Truth is Stranger than Fiction
According to a recent study by Time Warner’s Time Inc. and Boston’s Innerscope Research, audiences in their twenties switch media venues about 27 times per nonworking hour. Meaning, in essence, that one of the most valuable demos—twentysomethings—is also one of the most elusive and distracted.
This seems to be a perfect formula for the failure of long-form content: Marketing to audiences seemingly without attention spans, who have little free time and an aversion to branded content.
But long-form content, when done effectively, is thriving. Here are a few examples:
Whether it’s brilliant foresight or dumb luck, Nike hired filmmaker Casey Neistat to “create a movie about what it means to #makeitcount.” #Makeitcount is the hashtag used for their Nike Fuelband campaign. Instead of making a run-of-the-mill brand flick, Casey and his buddy Max spent the film’s entire budget to travel the world. The trip lasted them 10 days, and the resulting video (almost five minutes long), published a little more than a week ago, has amassed nearly 4 million views.

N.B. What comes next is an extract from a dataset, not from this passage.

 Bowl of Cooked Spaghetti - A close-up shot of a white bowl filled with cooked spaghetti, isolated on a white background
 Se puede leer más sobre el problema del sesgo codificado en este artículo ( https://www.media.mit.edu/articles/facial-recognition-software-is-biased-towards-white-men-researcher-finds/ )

Forgoing a spot on the Super Bowl, Chipotle opted for the more cost-efficient 2012 Grammy Awards to premiere their first national TV ad—sorry, “short film.” Clocking in at over two minutes, the placement “depicts the life of a farmer as he slowly turns his family farm into an industrial animal factory before seeing the errors of his ways and opting for a more sustainable future,” according to the YouTube description. Two-minute commercials are rare, but the spot was so successful that it even upstaged some Grammy performances that night.
HBO Sports 24×7
As a sports fan, one phenomenon I’ve seen in the last few years has been the mini-documentaries leading up to a sporting event. HBO Sports’ 24×7 series has chronicled the lead-up to a number of high profile boxing matches, including the likes of Manny Pacquaio and Floyd Mayweather (though not against each other). The UFC has begun a similar version entitled UFC Primetime. The episodes feature behind-the-scenes footage of the fighters training for the bout, as well as interviews and storylines that create a deeper understanding of who these athletes really are. While entertaining, there’s no doubt about it: these are long-form advertisements—teasers, if you will—for pay-per-view events that complete the story.

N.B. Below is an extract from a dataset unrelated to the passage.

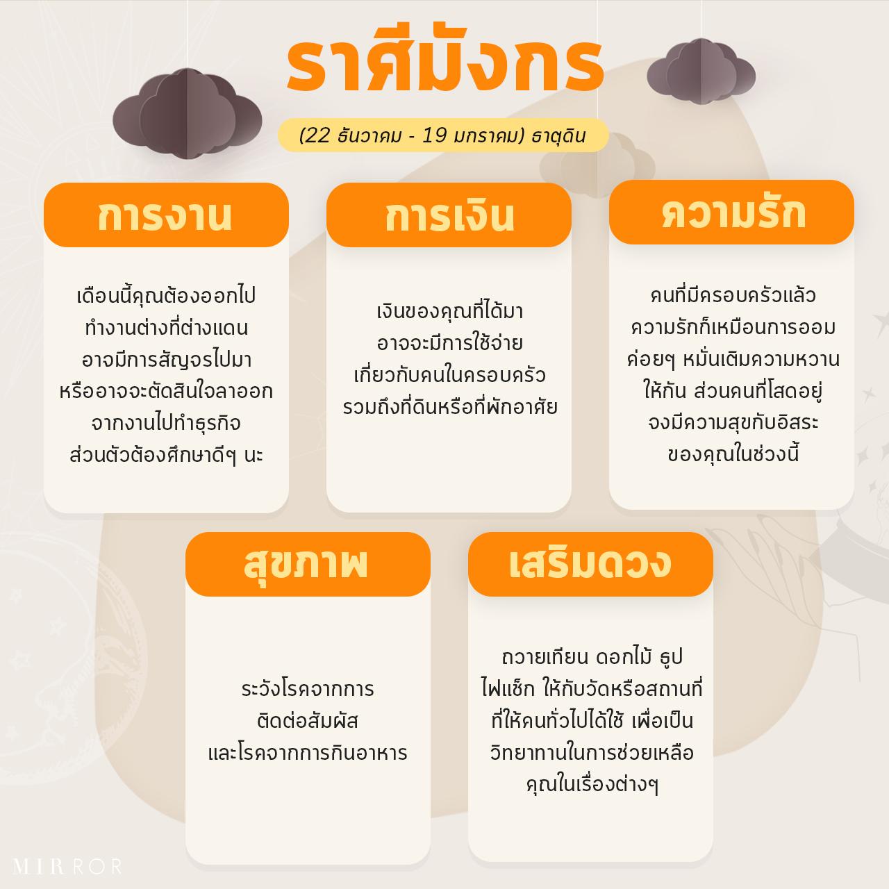 ราศีมังกร (22 ธันวาคม - 19 มกราคม) ธาตุดิน
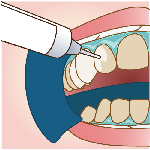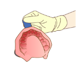 ④と⑤を数回繰り返した後、歯茎に塗っていた保護剤を取り、口内を洗い流します。

The new poster child for branded viral content, we wrote extensively about the KONY video last month. While the nonprofit is not without its detractors, the video, clocking in at nearly 30 minutes, boasts over 87 million views to date. The filmmakers, Invisible Children, used compelling storytelling techniques to weave a narrative around their brand story. They encouraged audiences to view, share and act.
Breaking the Barrier
Reaching modern audiences isn’t as simple as buying a Yellow Pages ad or sending door-to-door salesmen around the neighborhood. We all know that. However, that’s exactly why valuable brand content is so critical. Only by producing great content can the Free-Time Paradox work to a brand’s advantage.

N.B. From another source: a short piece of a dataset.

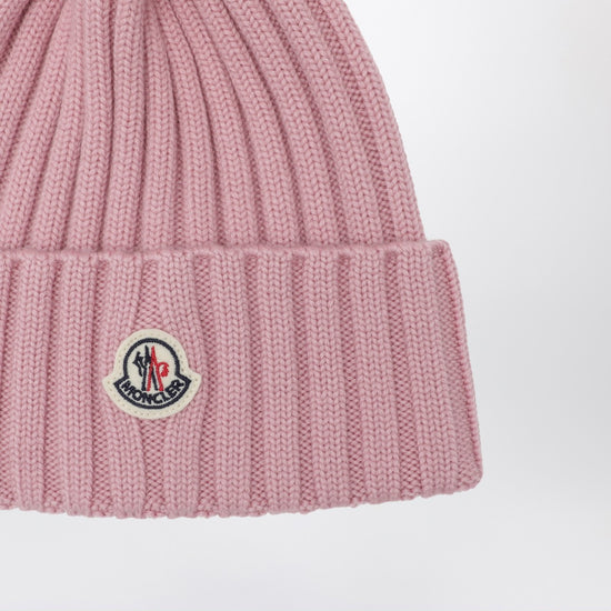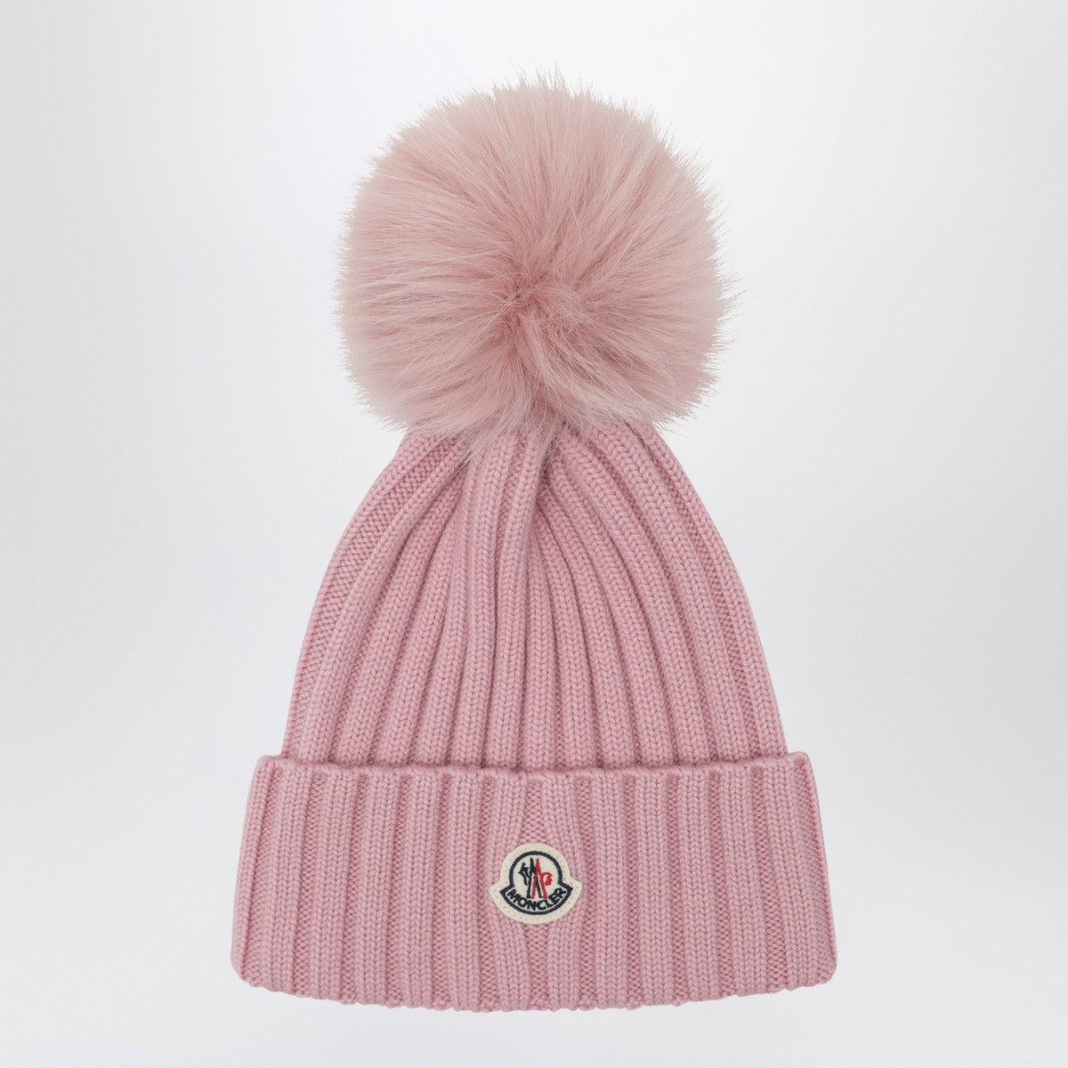 Moncler pink wool beanie featuring ribbed design, synthetic pompom, and turn-up with logo patch on the front.

Sure, long-form branded content isn’t cheap or easy to create, but it can tell a rich, impactful story that’ll pay dividends short-form blips can’t touch. It may seem as though audiences have less time and patience for marketing, but stories are powerful enough to break through those barriers. Consumers may not have 30 seconds for an ad, but they do have 30 minutes for a great story.
With brand-run film production houses up and running (get a load of BMW Films or Lexus L Studio) and episodic, story-rooted content on the rise, the future of media consumption looks long, involved and invested.
What other long-form branded content examples have you seen and shared?